YOUR INSTRUCTIONS
The answer should hold only the lines from the one that contains "Avi Bortnick with" through the last line of the material, repeated exactly, without pictures.

SUPPLIED DATA
------------

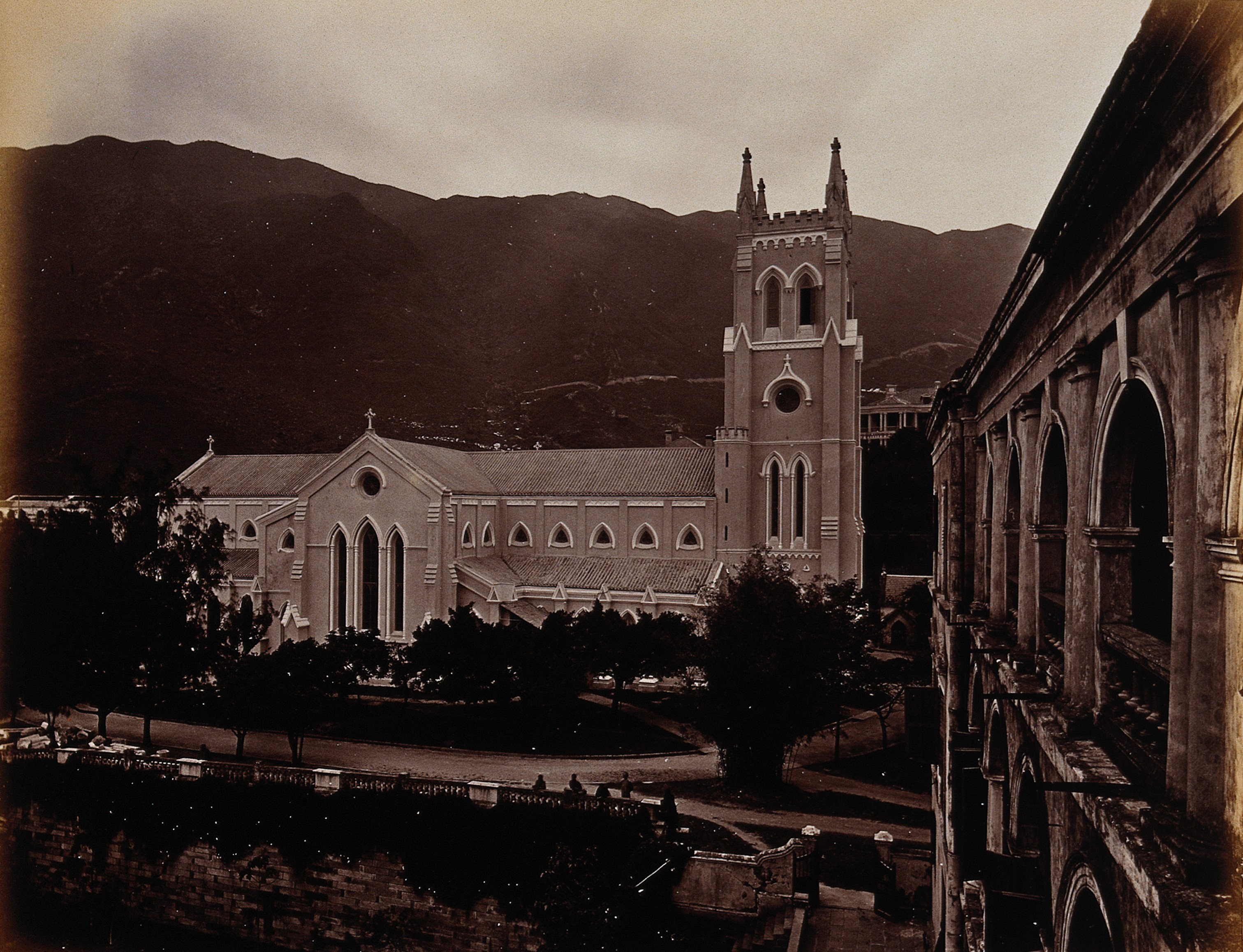 Hong Kong: St. John's Cathedral, North Front. Photograph. Iconographic Collections
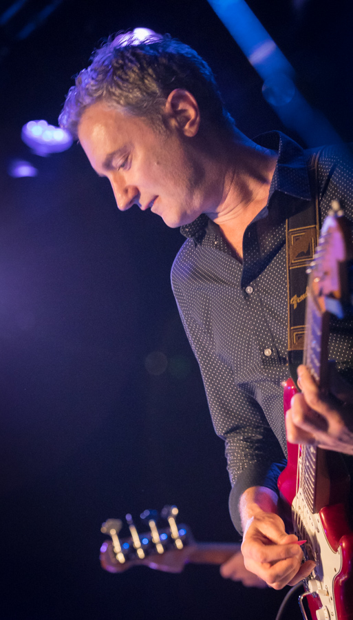 Avi Bortnick with John Scofield at the stage of Energimølla. The concert was part of Kongsberg Jazzfestival and took place on 06. July 2017. Lineup: John Scofield (guitar) Dennis Chambers (drums) Avi Bortnick (guitar) Andy Hess (bass guitar)
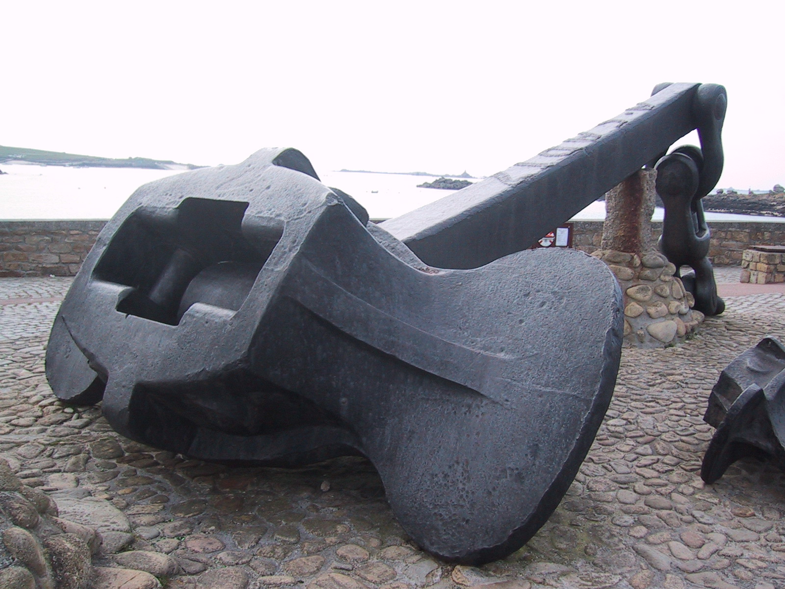 Anchor of the Amoco Cadiz in Portsall, noth-west of Bretagne, France

------------

ANSWER
 Avi Bortnick with John Scofield at the stage of Energimølla. The concert was part of Kongsberg Jazzfestival and took place on 06. July 2017. Lineup: John Scofield (guitar) Dennis Chambers (drums) Avi Bortnick (guitar) Andy Hess (bass guitar)
 Anchor of the Amoco Cadiz in Portsall, noth-west of Bretagne, France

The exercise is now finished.